Arsya dan Lidya pulang dari kantor bersama, setelah Arsya memasangkan seatbelt, Lidya memberikan sebuah kado kecil.
“Selamat ulang tahun, Arsya.”
Arsya menengok, tersenyum.
Lidya mengangguk agar Arsya menerima kadonya.
“Terima kasih, Bu. Bu Lidya selalu mengingat hari ulang tahun saya, tidak setahun pun dalam ingatan saya, Bu Lidya lupa dengan hari ulang tahun saya,” ucap Arsya. Ia mengambil kado, menatap kado dan penasaran apa isinya.
“Ya, tentu saja saya selalu ingat. Saya mau kamu buka kadonya, ya?” Lidya memasang seatbelt.
Arsya mengangguk dan membuka kadonya. Ia terdiam melihat jam tangan.
“Saya harap kamu suka.”
“Am, Bu, ini jam tangan mahal.” Arsya merasa tidak enak hati.
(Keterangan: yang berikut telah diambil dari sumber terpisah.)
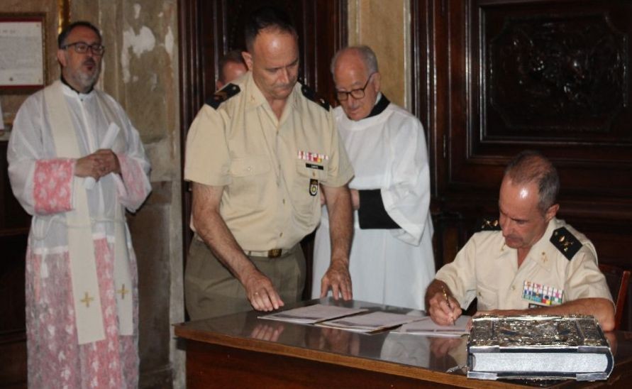 Seguidamente, el Delegado de Culto y Pastoral, José Antonio Calvo Gracia dio paso a la secuencia de la firma del documento testimonial que fue signado por el Capellán de la Virgen José María Bordetas y por el Jefe del Regimiento de Caballería “España” Nº 11, Francisco Javier Calero Perea, y a continuación por los testigos presentes. Anunció José Antonio Calvo que, según lo manifestado por el Capellán José Antonio Bordetas, el día del Señor Santiago la Virgen tiene manto propio, pero la víspera, el día 24, no, y que desde ahora el día 24 de julio la Virgen llevará siempre este manto.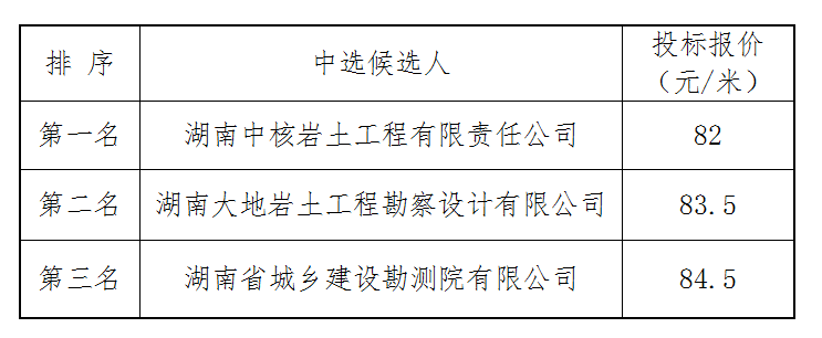 衡阳市高新区弘湘双创智造基地(眼镜小镇)-创意中心项目桩基施工超前钻勘察比选于2022年9月26日下午16时00分(北京时间)进行了比选开标、评标活动,评标委员会按照比选文件规定的评标办法及原则进行评定,推荐中选候选人排名如下:

“Sudahlah, Arsya. Eh, apa kamu tidak suka?"
“Suka, Bu.”
“Syukur deh, kalau kamu suka.”
“Terlalu spesial, Bu Lidya.” Arsya masih ragu dan terus memandang jam tangan itu.
“Ini hari ulang tahunmu, hari spesial kamu. Sudah, jangan merasa ragu-ragu begitu, terima, ya?”
Arysa tertawa.
Lidya kemudian mengajak Arsya ke restaurant Korea untuk makan bersama merayakan ulang tahunnya. Sesampainya di restauran, Arsya disuguhkan makanan yang lezat, mereka menyantap dan menikmati makan malam. Saat mereka sedang menyantap makanan penutup, Lidya mulai mengatakan sesuatu.
Wanita itu menatap laki-laki yang sudah berusia 20 tahun. “Arsya.”
Arsya menatap Lidya. “Ya, Bu?”
“Saya suka tempat ini karena ini ruang seperti ini, menjaga privasi, jadi tidak ada yang lihat kita."
Arsya mengangguk tersenyum.
“Selain itu, sebenarnya, ada hal penting yang akan saya bicarakan sama kamu.”
“Iya, Bu Lidya?”
Lidya mengambil napas dalam. “Saya sudah mengenalmu, selama dua puluh tahun ini, saya sangat menyukai kepribadianmu, kamu jujur, pekerja keras, tekun, sabar, bertanggung jawab.”
Arsya tertegun dan tersenyum tipis.
“Setelah lima tahun kepergian suami saya, saya pernah berhubungan dengan laki-laki, tetapi saya gagal dengan mereka, salah satu dari mereka hanya mengincar kekayaan, salah satunya dia terlalu menuntut.